A Closer Look: The USC Schwarzenegger Institute

“Never give up anything” – Arnold Schwarzenegger

On April 8th, former Governor of California Arnold Schwarzenegger repeated the same mantra to the students of his environmental policy class, while telling them personal stories of his struggles in politics and environmental law.

Schwarzenegger has followed this mantra, starting as a world-class bodybuilder to Hollywood star, and finally governor of California. At the end of his career, Schwarzenegger has dedicated his time to advancing civic engagement in youth. To do so, he established the USC Schwarzenegger institute, bringing political leaders and students together.

“[USC] is a place like no other,” Schwarzenegger said.

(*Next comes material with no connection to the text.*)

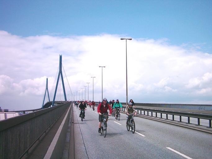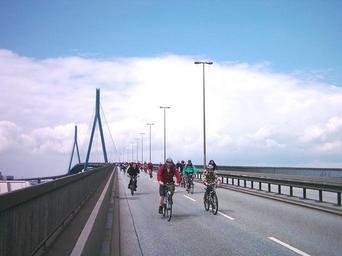 Keywords: MoA Fahrrad-Sternfahrt Hamburg 2007 030.jpg Fahrradsternfahrt in Hamburg am 17 06 07 Auf der Köhlbrandbrücke Blickrichtung Waltershof own Own photo 2007-06-17 GeorgHH Own work all rights released Public domain Köhlbrandbrücke Cycling in Hamburg |

The institute stands in the confines of the USC Price School of Public Policy, a long-term partnership between the governor and the university to tackle political issues, like environmental policy, while advocating for less partisanship in legislative decisions.

“I wanted to continue on the policy that I felt very passionate about at the time I was governor, so the only way to do did you really can do that well is to be connected to an academic institution,” Schwarzenegger told The Relevant Report in an exclusive interview. “USC by far was the best place for me to be … they [had] out of the box thinking and they liked my ideas of the Schwarzenegger institute as a bipartisan institute.”

One of the ideas Schwarzenegger enacted was a class co-taught by him and former Senator Fran Pavely, titled Environmental Policy from Idea to Passage: AB32, The Global Warming Solutions Act. The course focused on the bill that Schwarzenegger signed into action, which mandated California to develop regulations in reducing greenhouse gas emissions. Students learned about bill writing from senator Pavely, who wrote AB32, and the struggles that Schwarzenegger faced while enacting the law.

During his guest lecture, Schwarzenegger highlighted the importance of looking past the borders of Democrat and Republican, urging students to approach policy from a humanistic standpoint.

“Environmental Policy should not be a party issue, it should be a people’s issue,” Schwarzenegger declared. “It is crazy for anyone to think that Republicans have all the best ideas, or the Democrats have all the best ideas. We need everyone together.”

Schwarzenegger’s said his goal in teaching this class is to encourage students to become activists, taking historical information about environmental policy, specifically AB 32 and applying it to real-world use, whether it be social media campaigning or writing new legislation.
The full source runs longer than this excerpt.